Look through the data below for the line with "Ενδιαφέρον παρουσιάζουν και", and transcribe it exactly together with each line after it up to and including the line with "0W-20 5 л. | ||". Give nothing else.

=== Material for this task ===

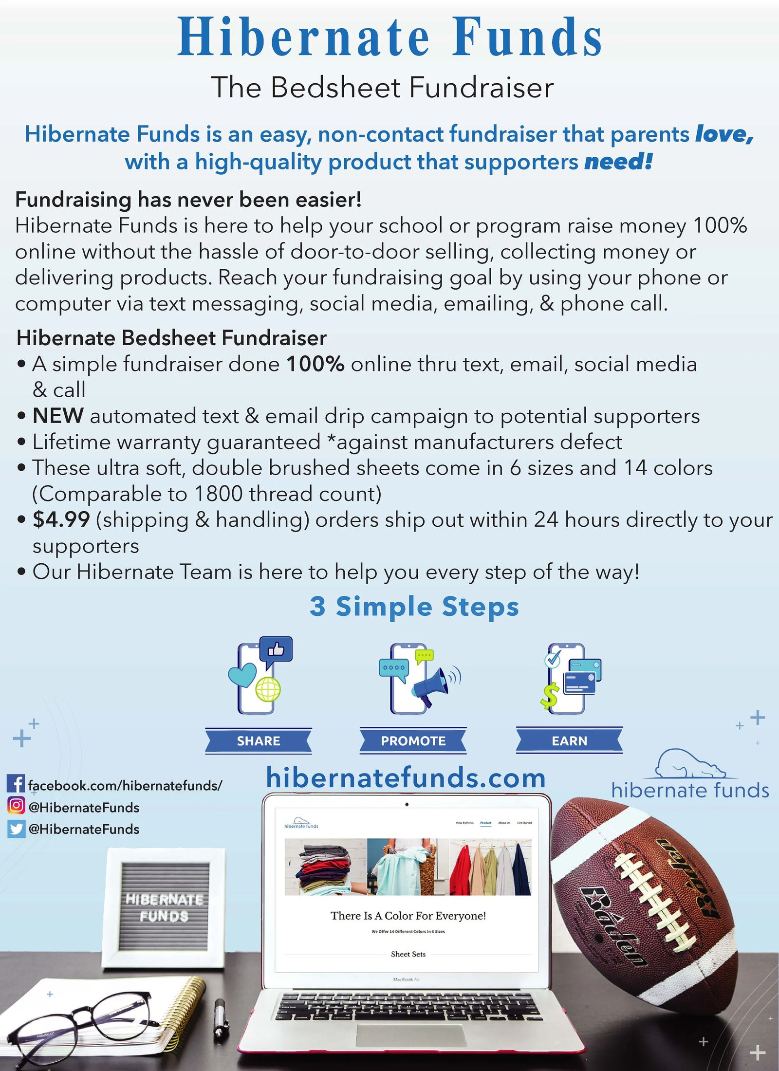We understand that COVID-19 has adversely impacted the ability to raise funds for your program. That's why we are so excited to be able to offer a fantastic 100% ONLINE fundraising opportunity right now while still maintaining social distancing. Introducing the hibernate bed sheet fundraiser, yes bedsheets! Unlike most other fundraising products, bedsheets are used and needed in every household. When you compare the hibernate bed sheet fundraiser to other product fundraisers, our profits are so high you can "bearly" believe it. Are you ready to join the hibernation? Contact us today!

===
=== Material for this task ===

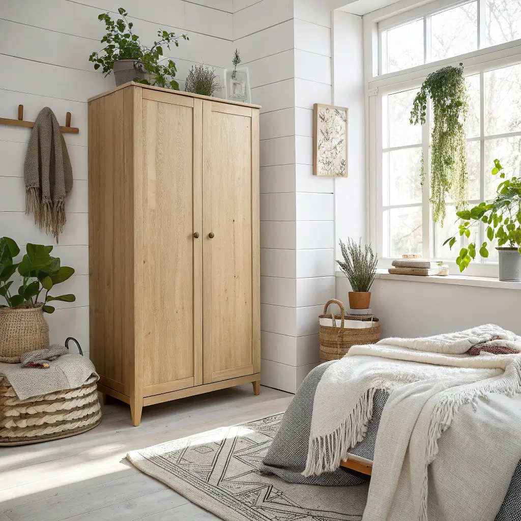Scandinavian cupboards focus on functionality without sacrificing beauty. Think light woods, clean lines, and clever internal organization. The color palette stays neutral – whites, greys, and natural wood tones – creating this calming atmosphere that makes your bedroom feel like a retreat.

===
=== Material for this task ===

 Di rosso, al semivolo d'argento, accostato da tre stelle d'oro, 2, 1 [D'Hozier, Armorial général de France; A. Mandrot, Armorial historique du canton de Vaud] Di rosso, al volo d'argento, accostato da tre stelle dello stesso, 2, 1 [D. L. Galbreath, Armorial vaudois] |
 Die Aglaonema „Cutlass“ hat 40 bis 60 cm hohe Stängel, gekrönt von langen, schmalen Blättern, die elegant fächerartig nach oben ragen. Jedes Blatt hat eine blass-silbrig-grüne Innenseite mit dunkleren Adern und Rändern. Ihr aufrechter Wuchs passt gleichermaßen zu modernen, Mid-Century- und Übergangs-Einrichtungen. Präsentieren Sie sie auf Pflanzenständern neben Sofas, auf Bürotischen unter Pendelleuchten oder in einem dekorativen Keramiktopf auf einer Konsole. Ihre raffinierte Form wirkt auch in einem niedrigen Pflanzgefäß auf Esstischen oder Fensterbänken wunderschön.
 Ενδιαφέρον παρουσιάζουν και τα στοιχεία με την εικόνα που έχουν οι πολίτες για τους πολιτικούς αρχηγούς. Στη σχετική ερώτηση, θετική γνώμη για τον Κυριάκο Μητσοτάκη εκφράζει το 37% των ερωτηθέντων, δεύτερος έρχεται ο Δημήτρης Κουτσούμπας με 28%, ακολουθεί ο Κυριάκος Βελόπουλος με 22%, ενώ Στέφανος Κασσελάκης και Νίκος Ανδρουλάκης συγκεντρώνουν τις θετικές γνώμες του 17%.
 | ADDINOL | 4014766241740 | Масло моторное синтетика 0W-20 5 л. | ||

===

## [Solution below]
 Ενδιαφέρον παρουσιάζουν και τα στοιχεία με την εικόνα που έχουν οι πολίτες για τους πολιτικούς αρχηγούς. Στη σχετική ερώτηση, θετική γνώμη για τον Κυριάκο Μητσοτάκη εκφράζει το 37% των ερωτηθέντων, δεύτερος έρχεται ο Δημήτρης Κουτσούμπας με 28%, ακολουθεί ο Κυριάκος Βελόπουλος με 22%, ενώ Στέφανος Κασσελάκης και Νίκος Ανδρουλάκης συγκεντρώνουν τις θετικές γνώμες του 17%.
 | ADDINOL | 4014766241740 | Масло моторное синтетика 0W-20 5 л. | ||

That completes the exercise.